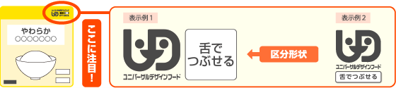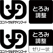 また、それぞれの食品にはユニバーサルデザインフードマークが、とろみ調整食品にはとろみ調整食品マークが表示されています。
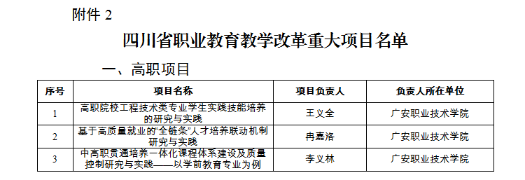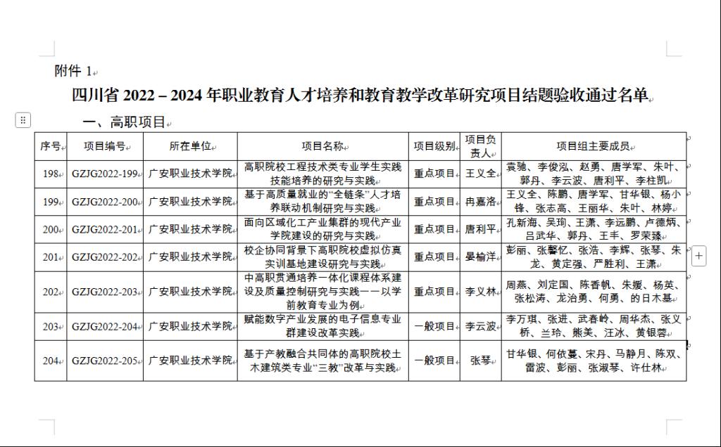 近日,四川省教育厅公布了2022-2024年教学改革研究项目结题验收结果,ac米兰立项的17个项目全部通过验收,其中《高职院校工程技术类专业学生实践技能培养的研究与实践》《基于高质量就业的“全链条”人才培养联动机制研究与实践》《中高职贯通培养一体化课程体系建设及质量控制研究与实践——以学前教育专业为例》3项成果经专家评审、教育厅审核,被认定为四川省职业教育教学改革重大项目。
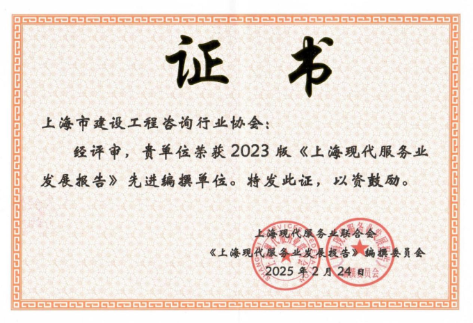 上海市建设工程咨询行业协会荣获“2023版《上海现代服务业发展报告》先进编撰单位”
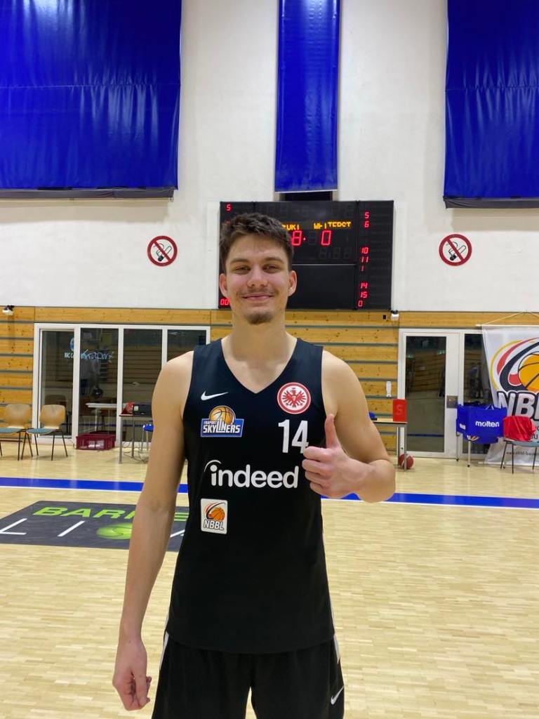 The scoring onslaught continued in the second quarter as Eintracht Frankfurt-Fraport Skyliners added 28 points and they tightened up their defense allowing only 8 points to lead by a crazy 30 points at half-time. Frankfurt got going cruising on a 9-2 run to extend their lead to 40-22. In the run Frankfurt got key support from Ivan Crnjac with 5 points as he attacked the rim twice and scored and Joscha Zentgraf scored again as did defensive specialist Finley Pruever. The Frankfurt defense layed out the press defense that gave Wurzburg many problems as they coughed up the ball 5 times in the first few minutes thanks to the aggressive Frankfurt guard defenders. The defense remained consistent as Namori Omog stayed aggressive and registered 3 steals in a row that led to a transition basket by him and three pointer by Ivan Crnjac for the 45-24 advantage. “Namori played incredible. He was in a hole for a few games, but he showed just how important he can be for us. It is great that he is playing so well again”, stated Dusan Nikolic. Frankfurt´s aggressive defense forced 12 turnovers in the second quarter. It was apparent that Eintracht Frankfurt-Fraport Skyliners wanted to decide the game by half-time and kept the pressure on at both ends and closed out the second quarter with a 14-5 run to lead 59-29 at the break. In the run Eintracht Frankfurt-Fraport Skyliners got 4 points from Nikolic, 5 points from Marvin Esser who came back the day after and had an incredible 9/8 game in the Pro B win over Coburg and Jamie Edoka also added a left handed lay in. Nikolic doesn´t only shine with his scoring, but also has potent passing skills. On the one Esser bucket, he displayed a pretty bounce pass similar to Luka Doncic who likes to undress that from his sleeve during games. “I have copied that pass from Luka. I like to practice it. I think that I´m getting more of a feel from his game”, added Dusan Nikolic. Eintracht Frankfurt-Fraport Skyliners shot 56% from the field and 29% from the three point line and had 17 rebounds and 6 turnovers while Wurzburg shot 38% from the field and 0% from the three point line and had 15 rebounds and 16 turnovers. “Our defense totally took them out. We got great pressure from Omog and Pruever. We got in passing lanes and got easy transition baskets”, expressed Dusan Nikolic.
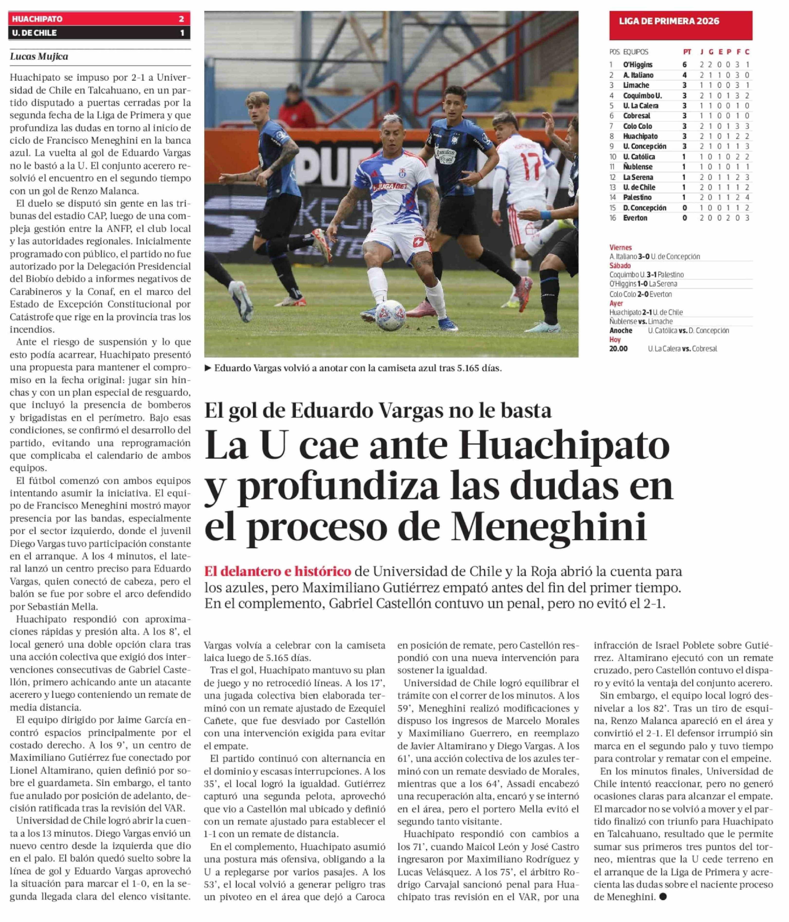 La U cae ante Huachipato y profundiza las dudas en el proceso de Meneghini
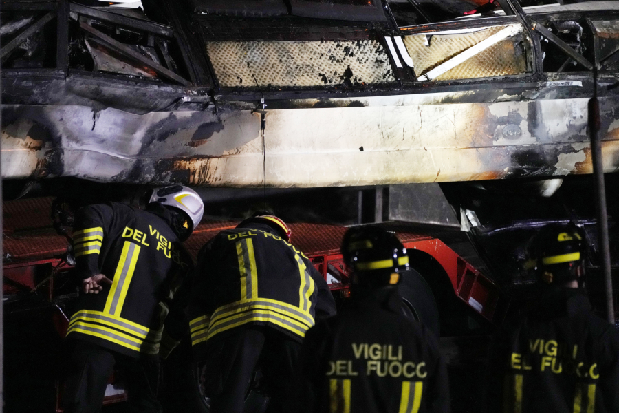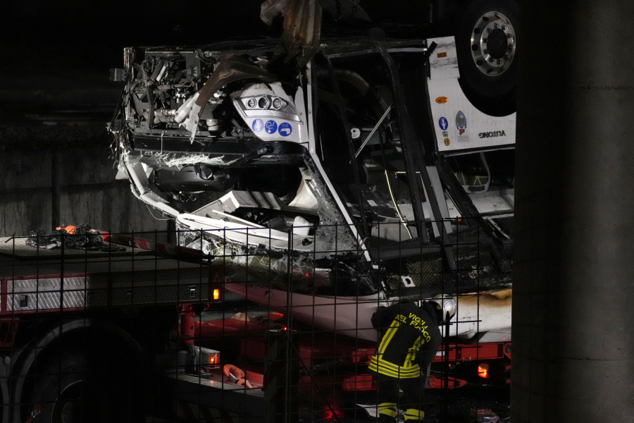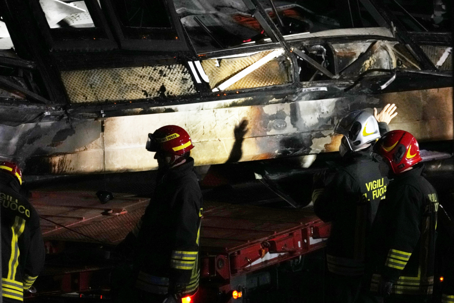 Autobus u kojem je bio veći broj ljudi srušio se večeras nešto pre 20 časova sa nadvožnjaka Liberta u Mestreu, u blizini Venecije i nakon 10 metara leta pao na železničku prugu i zapalio se.
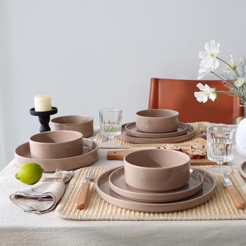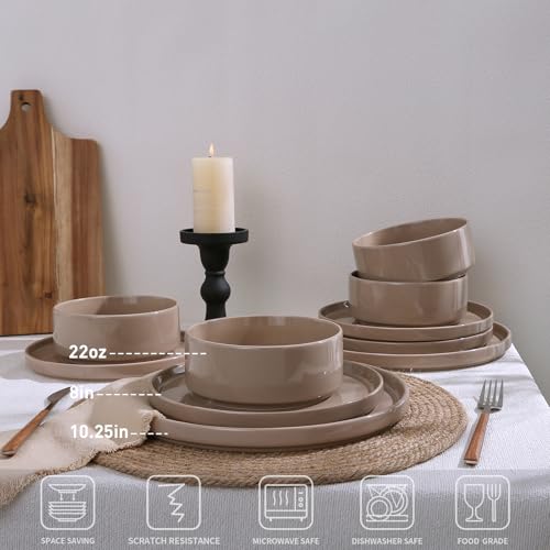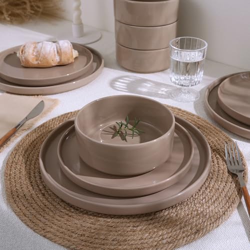Famiware Nebula Plates and Bowls Set, 12 Pieces Dinnerware Sets, Dishes Set for 4, Cinnamon Brown
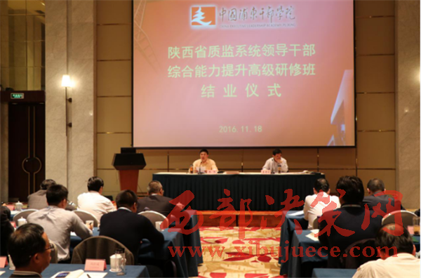 西部決策網(wǎng)訊11月14日至18日,陜西省質(zhì)監(jiān)系統(tǒng)領(lǐng)導干部綜合能力提升高級研修班在中國浦東干部學院成功舉辦。共有來自陜西省質(zhì)監(jiān)局機關(guān)各處室、直屬各單位和各市級、府谷縣、神木縣局共40名領(lǐng)導干部參加了培訓學習。此次為期5天的研修班,著眼于提升陜西省質(zhì)監(jiān)系統(tǒng)干部的綜合素質(zhì)和領(lǐng)導能力,為實現(xiàn)質(zhì)監(jiān)部門服務(wù)大局能力水平的新提升和服務(wù)發(fā)展效果的新提升提供更加堅強的思想政治和組織保證。陜西省質(zhì)監(jiān)局黨組書記、局長喬軍出席結(jié)業(yè)儀式并發(fā)表重要講話。省局黨組成員、副局長李晉利出席開班儀式作動員講話,并全程參加培訓學習。
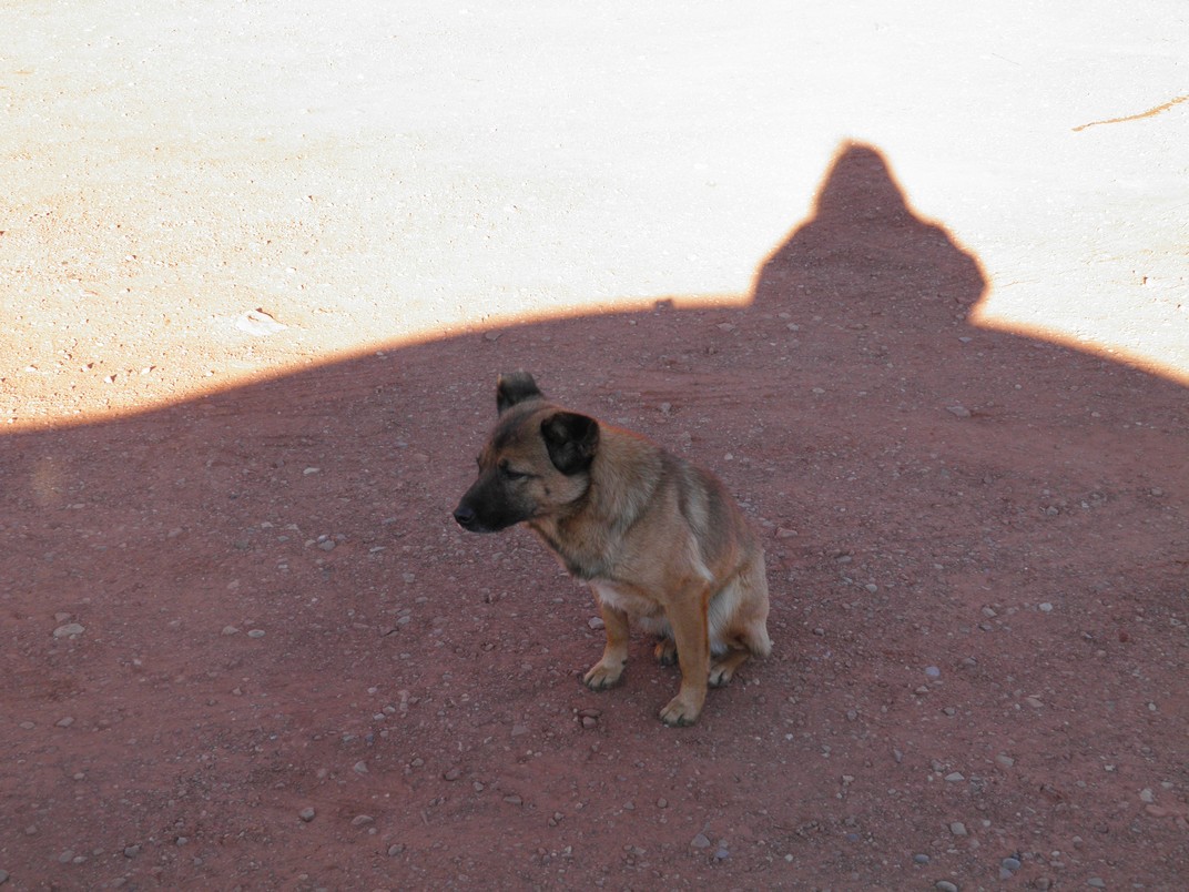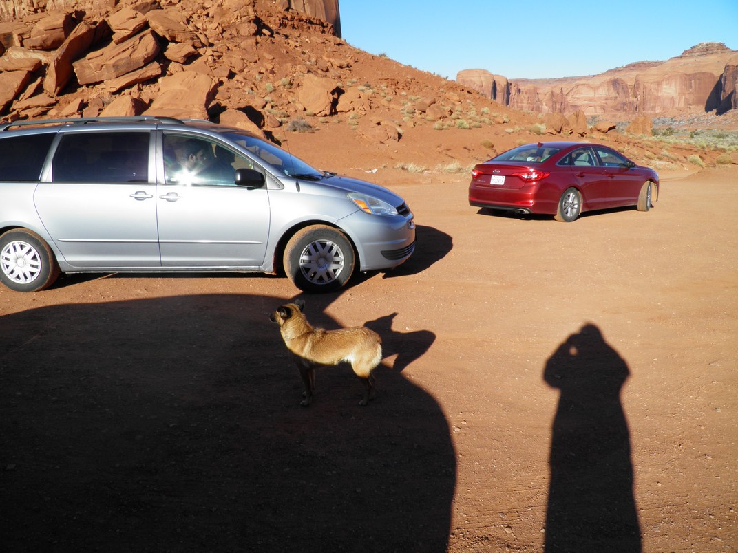 Soon after we arrived at Thunderbird Mesa, a little doggy appeared out of nowhere looking for food. We had seen a number of strays in the parking lot travelling in packs and a few along the drive. This guy was on his own so Kim gave him some of her lunch. He was happy to eat it and was sad to see her go!

· · · ·

- **Task requirements**:
Would you set down each line of the listing above exactly, apart from the pictures?

- **Exercise result**:
 また、それぞれの食品にはユニバーサルデザインフードマークが、とろみ調整食品にはとろみ調整食品マークが表示されています。
 近日,四川省教育厅公布了2022-2024年教学改革研究项目结题验收结果,ac米兰立项的17个项目全部通过验收,其中《高职院校工程技术类专业学生实践技能培养的研究与实践》《基于高质量就业的“全链条”人才培养联动机制研究与实践》《中高职贯通培养一体化课程体系建设及质量控制研究与实践——以学前教育专业为例》3项成果经专家评审、教育厅审核,被认定为四川省职业教育教学改革重大项目。
 上海市建设工程咨询行业协会荣获“2023版《上海现代服务业发展报告》先进编撰单位”
 The scoring onslaught continued in the second quarter as Eintracht Frankfurt-Fraport Skyliners added 28 points and they tightened up their defense allowing only 8 points to lead by a crazy 30 points at half-time. Frankfurt got going cruising on a 9-2 run to extend their lead to 40-22. In the run Frankfurt got key support from Ivan Crnjac with 5 points as he attacked the rim twice and scored and Joscha Zentgraf scored again as did defensive specialist Finley Pruever. The Frankfurt defense layed out the press defense that gave Wurzburg many problems as they coughed up the ball 5 times in the first few minutes thanks to the aggressive Frankfurt guard defenders. The defense remained consistent as Namori Omog stayed aggressive and registered 3 steals in a row that led to a transition basket by him and three pointer by Ivan Crnjac for the 45-24 advantage. “Namori played incredible. He was in a hole for a few games, but he showed just how important he can be for us. It is great that he is playing so well again”, stated Dusan Nikolic. Frankfurt´s aggressive defense forced 12 turnovers in the second quarter. It was apparent that Eintracht Frankfurt-Fraport Skyliners wanted to decide the game by half-time and kept the pressure on at both ends and closed out the second quarter with a 14-5 run to lead 59-29 at the break. In the run Eintracht Frankfurt-Fraport Skyliners got 4 points from Nikolic, 5 points from Marvin Esser who came back the day after and had an incredible 9/8 game in the Pro B win over Coburg and Jamie Edoka also added a left handed lay in. Nikolic doesn´t only shine with his scoring, but also has potent passing skills. On the one Esser bucket, he displayed a pretty bounce pass similar to Luka Doncic who likes to undress that from his sleeve during games. “I have copied that pass from Luka. I like to practice it. I think that I´m getting more of a feel from his game”, added Dusan Nikolic. Eintracht Frankfurt-Fraport Skyliners shot 56% from the field and 29% from the three point line and had 17 rebounds and 6 turnovers while Wurzburg shot 38% from the field and 0% from the three point line and had 15 rebounds and 16 turnovers. “Our defense totally took them out. We got great pressure from Omog and Pruever. We got in passing lanes and got easy transition baskets”, expressed Dusan Nikolic.
 La U cae ante Huachipato y profundiza las dudas en el proceso de Meneghini
 Autobus u kojem je bio veći broj ljudi srušio se večeras nešto pre 20 časova sa nadvožnjaka Liberta u Mestreu, u blizini Venecije i nakon 10 metara leta pao na železničku prugu i zapalio se.
Famiware Nebula Plates and Bowls Set, 12 Pieces Dinnerware Sets, Dishes Set for 4, Cinnamon Brown
 西部決策網(wǎng)訊11月14日至18日,陜西省質(zhì)監(jiān)系統(tǒng)領(lǐng)導干部綜合能力提升高級研修班在中國浦東干部學院成功舉辦。共有來自陜西省質(zhì)監(jiān)局機關(guān)各處室、直屬各單位和各市級、府谷縣、神木縣局共40名領(lǐng)導干部參加了培訓學習。此次為期5天的研修班,著眼于提升陜西省質(zhì)監(jiān)系統(tǒng)干部的綜合素質(zhì)和領(lǐng)導能力,為實現(xiàn)質(zhì)監(jiān)部門服務(wù)大局能力水平的新提升和服務(wù)發(fā)展效果的新提升提供更加堅強的思想政治和組織保證。陜西省質(zhì)監(jiān)局黨組書記、局長喬軍出席結(jié)業(yè)儀式并發(fā)表重要講話。省局黨組成員、副局長李晉利出席開班儀式作動員講話,并全程參加培訓學習。
 Soon after we arrived at Thunderbird Mesa, a little doggy appeared out of nowhere looking for food. We had seen a number of strays in the parking lot travelling in packs and a few along the drive. This guy was on his own so Kim gave him some of her lunch. He was happy to eat it and was sad to see her go!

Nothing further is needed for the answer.